At the end of April 2022, we received the final comments. The third reviewer recommended rejection of the paper with the comment: “After 4 rounds of revisions the authors have decided to change the main contribution of the paper from proposing a Taxonomy of VETS models, to a new taxonomy of Parameters, Initial States and Components (PIC). I do not see how this is a significant enough contribution – I would have thought and was hoping they would go the other way and expand the set of VETS models into a full taxonomy.”

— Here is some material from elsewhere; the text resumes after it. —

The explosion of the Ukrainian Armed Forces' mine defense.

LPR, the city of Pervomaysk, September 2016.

However, the Associate Editor disagreed and accepted the paper, given the positive feedback from the first two reviewers. So, in the end, this is a success story, but the paper was accepted only because the AE overruled the decision of the third reviewer. If it was not for him, I am sure that the paper would have been rejected. Our team is immensely grateful for the support provided to us by the Associate Editor.

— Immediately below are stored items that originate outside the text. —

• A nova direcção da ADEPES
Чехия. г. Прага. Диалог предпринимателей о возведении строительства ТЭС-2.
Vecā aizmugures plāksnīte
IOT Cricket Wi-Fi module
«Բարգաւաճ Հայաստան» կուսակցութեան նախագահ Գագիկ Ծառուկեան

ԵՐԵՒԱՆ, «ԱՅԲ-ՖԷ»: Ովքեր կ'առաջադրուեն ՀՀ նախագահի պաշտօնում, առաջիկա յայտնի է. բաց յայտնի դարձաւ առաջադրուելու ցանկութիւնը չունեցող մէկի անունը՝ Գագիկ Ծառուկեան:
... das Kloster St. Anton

As the final word, I should say that while we disagreed on the main issues with the third reviewer, we know that he is a smart academic who has his own strong view on how things should be done. The main issue in our case was that he wanted us to write a different paper and, as a result, was dissatisfied when we disagreed.

Lessons to learn from this

For us (the author’s perspective), the main issue was that we were distracted from the main idea of the paper and carried away by the comments and changes to the paper. The important lesson from this is to keep the idea in mind and make it clear from the moment of submission.

From the reviewer’s perspective: try to understand the main contribution and do not force the authors to write your paper. If the authors do something differently, it does not necessarily mean that they are wrong. Every academic has their own view on a subject, which is why we share ideas, work together and collaborate. Finally, the ideas do not belong to anyone, be open-minded to different views on the same subject. Your view is important but it is not the only one.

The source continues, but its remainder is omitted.